### [Assignment]
Your task is to copy the lines from the line containing "ข้อมูลเชิงสถิติเรื่องร้องเรียนการทุจริต เดือนกุมภาพันธ์ 2568" through the end of the listing below, both included, without any pictures.

### [Record set]
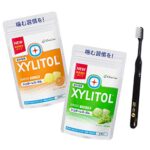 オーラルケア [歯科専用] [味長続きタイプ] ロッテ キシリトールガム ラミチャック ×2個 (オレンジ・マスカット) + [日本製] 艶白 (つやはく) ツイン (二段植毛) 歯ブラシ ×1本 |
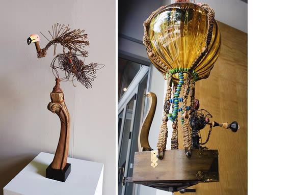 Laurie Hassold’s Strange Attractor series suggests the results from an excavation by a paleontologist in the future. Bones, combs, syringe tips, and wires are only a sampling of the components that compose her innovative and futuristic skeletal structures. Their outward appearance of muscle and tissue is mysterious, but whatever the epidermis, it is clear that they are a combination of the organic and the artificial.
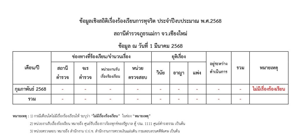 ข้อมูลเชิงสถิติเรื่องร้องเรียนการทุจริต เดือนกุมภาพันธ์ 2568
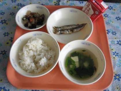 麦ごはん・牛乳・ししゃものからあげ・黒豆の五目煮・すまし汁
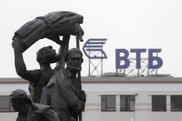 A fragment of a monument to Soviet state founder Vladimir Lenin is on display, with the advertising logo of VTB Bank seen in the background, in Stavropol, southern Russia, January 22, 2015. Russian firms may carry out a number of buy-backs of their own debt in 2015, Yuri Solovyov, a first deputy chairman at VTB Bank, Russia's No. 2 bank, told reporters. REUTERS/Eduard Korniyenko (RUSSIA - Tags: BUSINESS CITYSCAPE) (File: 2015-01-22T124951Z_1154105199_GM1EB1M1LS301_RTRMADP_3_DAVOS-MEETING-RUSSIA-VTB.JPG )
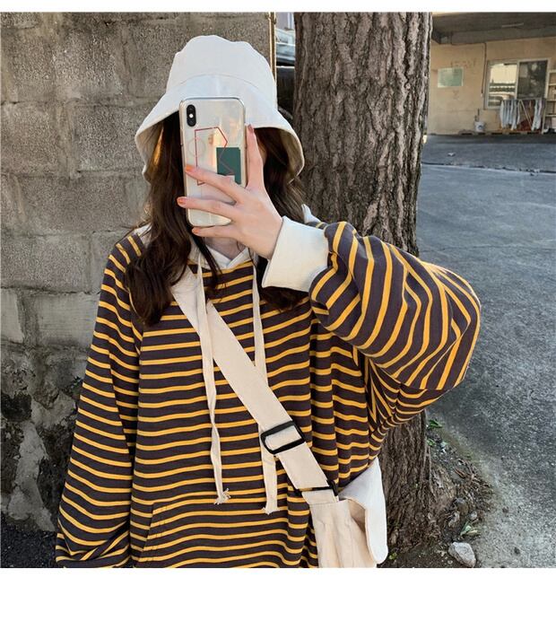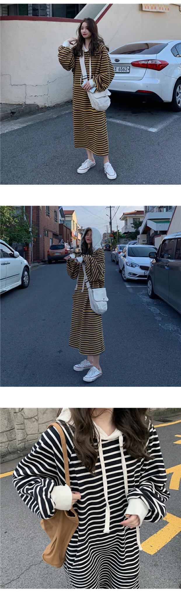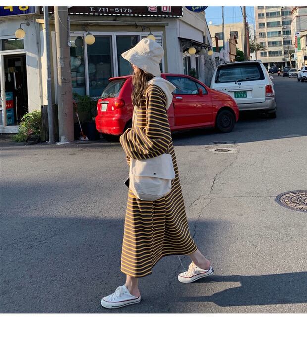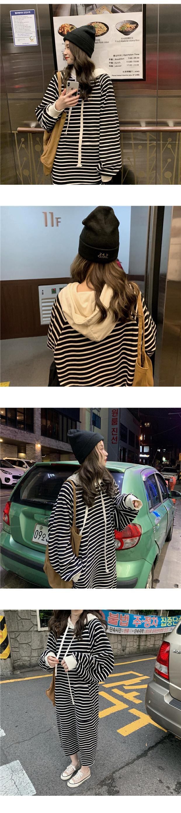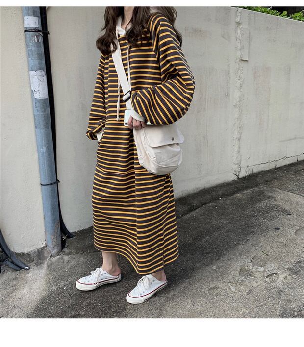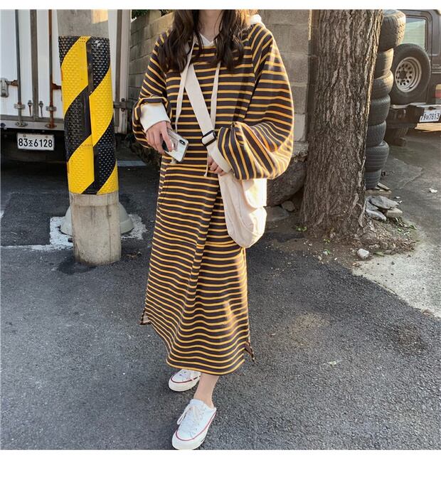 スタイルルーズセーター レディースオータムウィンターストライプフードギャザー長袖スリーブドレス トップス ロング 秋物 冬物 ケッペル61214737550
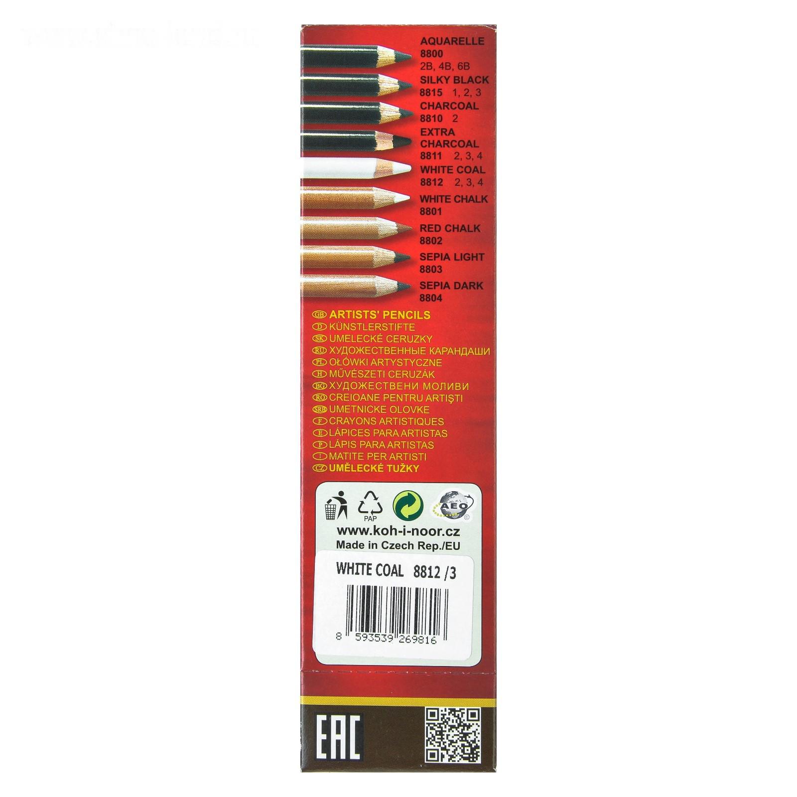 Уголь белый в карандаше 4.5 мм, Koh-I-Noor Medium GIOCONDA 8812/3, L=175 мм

### [Exercise result]
 ข้อมูลเชิงสถิติเรื่องร้องเรียนการทุจริต เดือนกุมภาพันธ์ 2568
 麦ごはん・牛乳・ししゃものからあげ・黒豆の五目煮・すまし汁
 A fragment of a monument to Soviet state founder Vladimir Lenin is on display, with the advertising logo of VTB Bank seen in the background, in Stavropol, southern Russia, January 22, 2015. Russian firms may carry out a number of buy-backs of their own debt in 2015, Yuri Solovyov, a first deputy chairman at VTB Bank, Russia's No. 2 bank, told reporters. REUTERS/Eduard Korniyenko (RUSSIA - Tags: BUSINESS CITYSCAPE) (File: 2015-01-22T124951Z_1154105199_GM1EB1M1LS301_RTRMADP_3_DAVOS-MEETING-RUSSIA-VTB.JPG )
 スタイルルーズセーター レディースオータムウィンターストライプフードギャザー長袖スリーブドレス トップス ロング 秋物 冬物 ケッペル61214737550
 Уголь белый в карандаше 4.5 мм, Koh-I-Noor Medium GIOCONDA 8812/3, L=175 мм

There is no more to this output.